The Field Review

Field, The
An Irish King Lear - Richard Harris is a farmer obsessed with the ownership of a disputed plot of land, which leads to bloodshed and awful retribution.

by Angie Errigo |
Published on
Release Date:

06 Jun 1991

Running Time:

110 minutes

Certificate:

12

Original Title:

Field, The

Initially, Jim Sheridan's follow-up to last year's surprise wonder My Left Foot looks deceptively and alarmingly like old Hollywood's notion of Oirish whimsy. British thespians - notably John Hurt with blackened teeth as the village idiot - antic about an emerald countryside being madly colourful and tuck into some toothsome stews in quaint cottages; villagers, tinkers and a red-haired temptress brawl outside the pub while the naive, ineffectual priest wrings his hands and rolls his eyes to heaven. Inexorably, however, The Field builds into a mesmerising tragedy of appalling dimensions and remarkable power.

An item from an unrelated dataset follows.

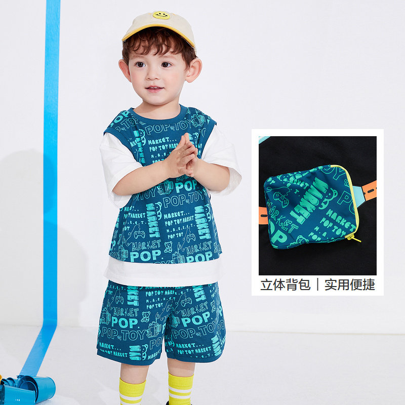 Balacabara boy short sleeve suit The boy baby fake two children two sets 2022 summer dress new children's clothes

Richard Harris - who'd have thought he had it left in him? - turns in an astonishing performance, restrained, frightening and affecting to the core as Bull McCabe, a farmer whose obsession with ownership of a disputed piece of land leads to bloodshed and most awful retribution. This is an Irish King Lear, with old wrongs, secrets and griefs gradually revealed, longings, jealousies and greeds passed down from one generation to the next. Sheridan's screenplay (from the play by John B. Keane) touches Irish history, blood, sweat and class and inspires fine work from everyone onscreen, including Tom Berenger as the rich Irish-American intruder "looking for his roots", Brenda Fricker as the wife McCabe hasn't touched or spoken to in 18 years, and Frances Tomelty as the Anglo-Irish widow who owns the three acres McCabe would have.

Beautifully made, the 30s period dressing, photography and Elmer Bernstein score mark this as a thoroughly distinguished production, in every way as gripping and compulsive as that other great drama of the land, Jean De Florette. High praise indeed.